Immigrants are people

Neda Samimi-Gomez’s father was detained by ICE and kept at the Aurora detention facility in 2017 after living in the U.S. for more than four decades. Two weeks later, while in the custody of ICE, Kanyar Samimi died.

His family has been searching for answers ever since then.

“It’s frustrating, it’s confusing. To me there’s no reason why my father would have been picked up, that he would have been detained, and then to find out that he died in their care and no one can give me or my family and answer for months is frustrating,” Neda Samimi-Gomez said.

She still hasn’t gotten all of the answers she’s looking for. Samimi-Gomez says she wants ICE to understand that these detainees are humans with families. She doesn’t want another family to have to feel the loss of a loved one while in ICE’s care.

That’s why the ACLU is calling for transparency and accountability.

“One of the policy recommendations that we have is for legislators to create legislation and pass a bill or embrace policy that will allow the state to go into that facility on a regular basis and conduct inspections,” said Denise Maes, the public policy director for the ACLU of Colorado.

ICE agents are also people

Jimmy Spence is a former Border Patrol senior special agent who spent years catching undocumented immigrants.
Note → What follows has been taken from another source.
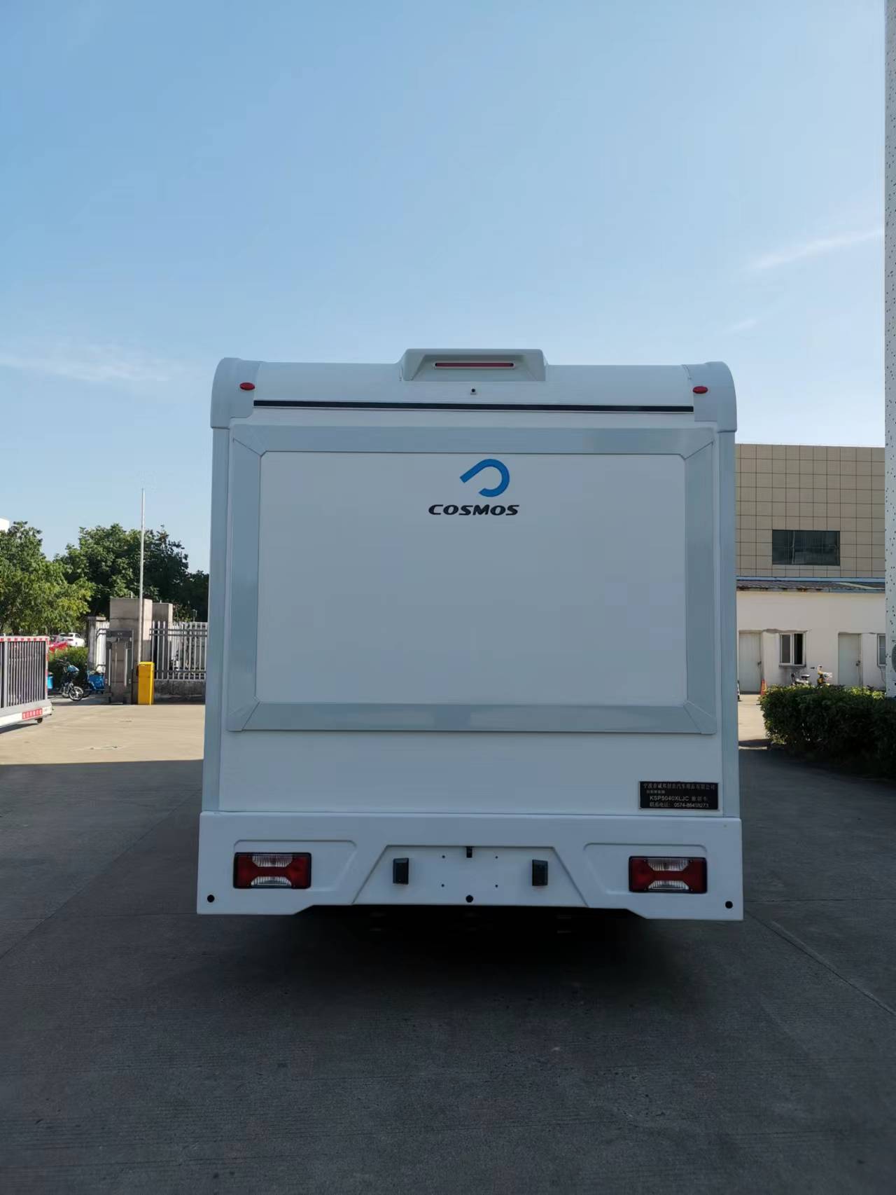 科斯摩斯牌依维柯旅居车在外观时尚霸气造型圆润流畅,可有效降低风阻系数,整车外形尺寸为5998×2300,2400×2880,2950,3050(mm),房厢采用玻璃钢复合车身结构及阻燃保温材料,做工精细;房厢内部配置齐全,床,洗手间,厨房,冰箱,,储物仓,暖气设备,灭火器等等。
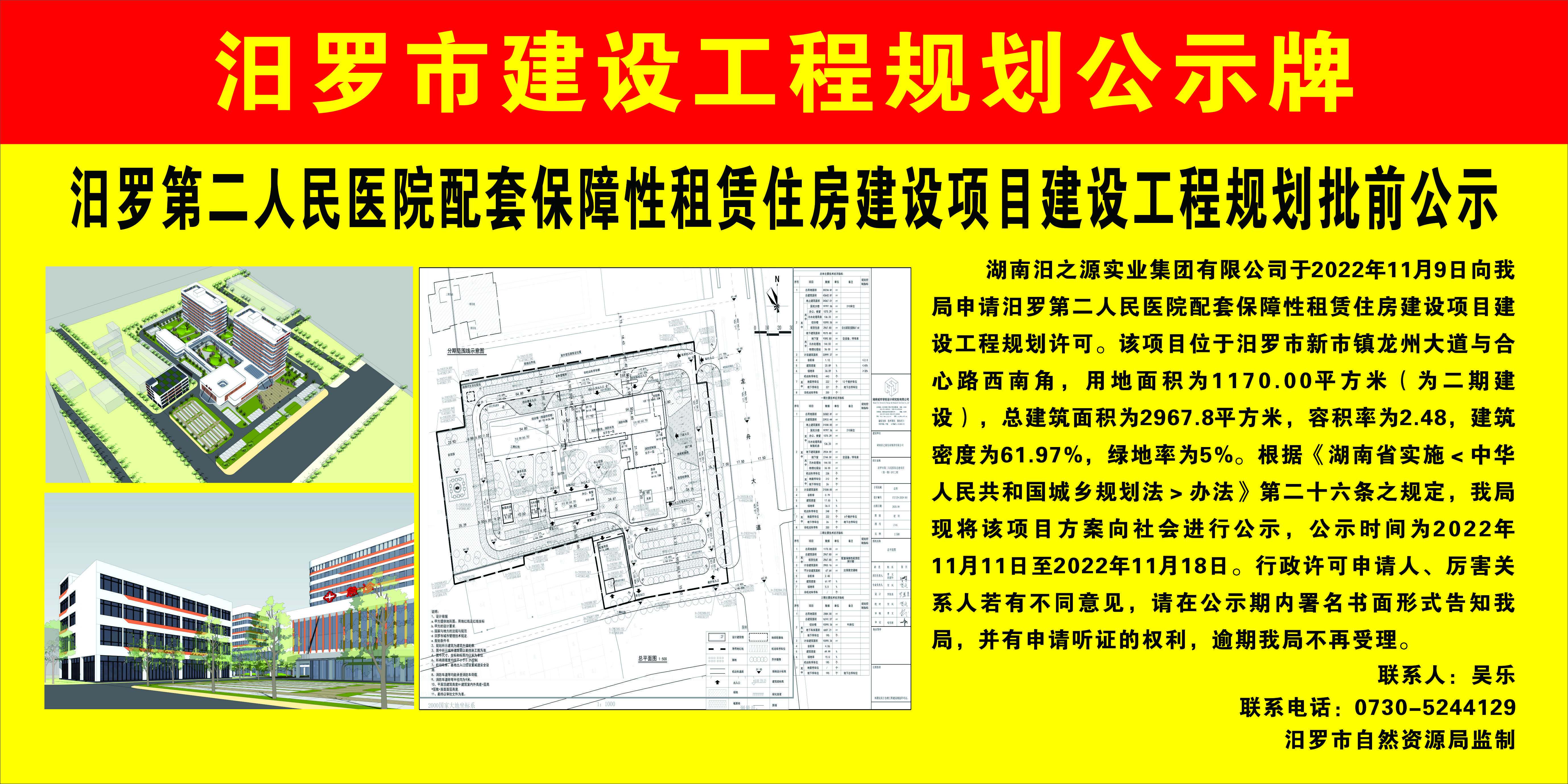 汨罗市第二人民医院配套保障性租赁住房建设项目工程规划批前公示

He believes the rhetoric against immigration enforcement comes and goes depending on the administration.

Spence said agents are harassed regularly when they are detaining an undocumented immigrant.

“I never really got physically threatened, just a lot of screaming and yelling and, ‘You’re Nazis,’ and so forth,” he said.
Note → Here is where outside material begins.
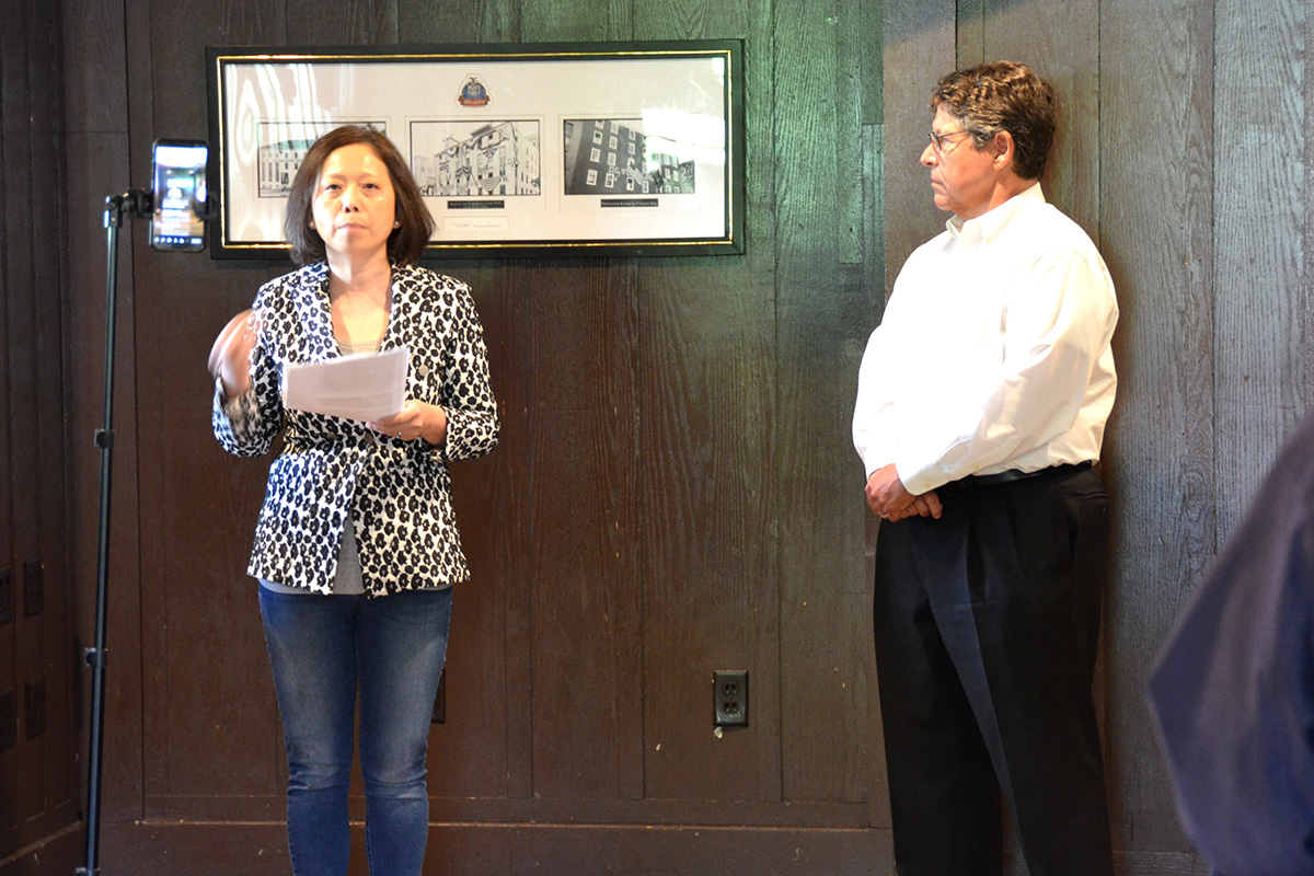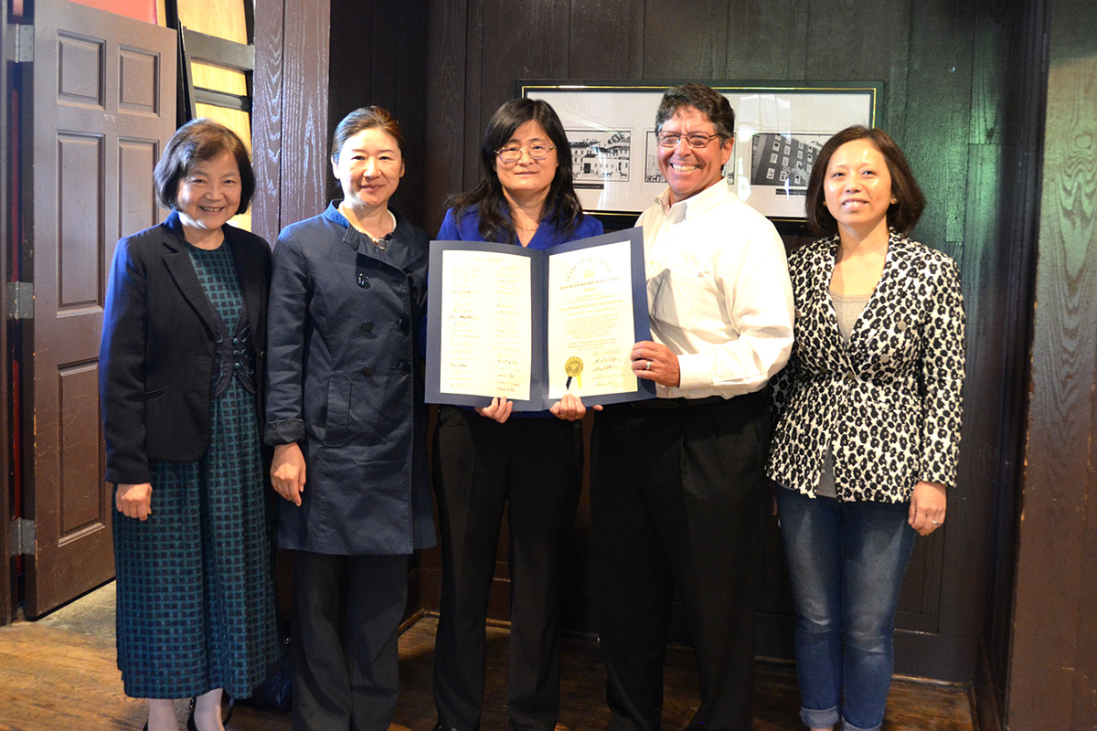 褒奖由德拉华州三位众议员鲍姆巴赫、德布拉·赫弗南(Debra Heffernan)和凯文·亨斯利(Kevin S Hensley)共同发起,众议院议长彼得·施瓦茨科普夫(Peter C. Schwartzkopf)以及全体四十一位众议员都签了字。 众议院的褒奖说:“一九九二年,李洪志先生在中国首次公开传授法轮大法。从那时起,法轮大法已经闻名于世。法轮大法由修心、打坐和四套动功组成,能改善人的身心健康,使人精力充沛。修炼的核心准则是真、善、忍……这个功法确实改善了无数人的生活。” 众议院还“衷心恭贺法轮大法继续取得成功!” 颁发褒奖后,法轮功学员刘女士向现场民众介绍了修炼法轮功后自己和家人在身心上的巨大收获:自己多年的各种疾病不治而愈;作为一家全球科技巨头公司的高级技术负责人,她能够从容面对每天的各种压力;从小就修炼法轮功的女儿能够以真、善、忍的标准要求自己,处理好学业和生活上的挑战,在高四时她带领校游泳队取得了美东私校冠军赛的冠军,现在是一所名校的学生运动员,并加入了美国陆军后备军官训练计划。 刘女士的分享激发了现场听众的兴趣,有人表示将告诉家人法轮功的信息,希望能够修炼。法轮功学员还在现场向民众分发漂亮的手折莲花和法轮功信息传单。  图4:颁奖仪式后,法轮功学员刘女士向现场民众介绍了修炼法轮功后自己和家人在身心上的巨大收获。 |

However, something he believes a lot of people don’t understand is that this job can be dangerous. Spence said he’s gotten in several car crashes as well as fights while chasing a suspect in order to apprehend them.

There was also a time when an alleged drug smuggler tried to attack him with a rock. It’s a side of immigration enforcement he says isn’t acknowledged as often.

Something else Spence says is overlooked is the fact that ICE agents help where they can. Spence would occasionally spend money out of his own wallet to help families out.

“I’d always go get big bags of popcorn for the kids and soda pops and stuff like that. I think, twice, I bought diapers,” he said. “We are nice people, honestly, we don’t look like it, but we are.”

Spence says agents understand that the reason these immigrants come to the U.S., for the most part, is to seek a better life. He stands by ICE’s assertion that it targets felons so they can be removed from the country.

“That’s after they commit the crime. Why not get rid of them when they’re first here? They won’t be committing the crime,” he said.

He supports the agency’s removal of non-criminal undocumented immigrants as well.

When they are in detention, Spence says he always tried to treat the migrants with dignity. On the other hand, he says human traffickers are the ones who deserve to be criticized for their mistreatment and abuse of undocumented immigrants.

Once, he found a refrigerator with 63 undocumented immigrants inside who were unable to breathe because of the conditions inside the truck.

“This stuff happens all the time. The smugglers don’t care, they’re in it for the money,” he said.

He understands that immigration enforcement isn’t going to be something everyone supports, however he says the agents are just doing their job and enforcing the law.

No clear answers

One administration after another has tried to find a solution to the question over immigration.

Some administrations have tried to crack down on the number of people coming into the U.S. illegally. Other presidents have tried a path of leniency and amnesty.

Ultimately, it will be up to lawmakers to decide how to move forward on immigration. For now, these groups just say they want their perspectives to be understood.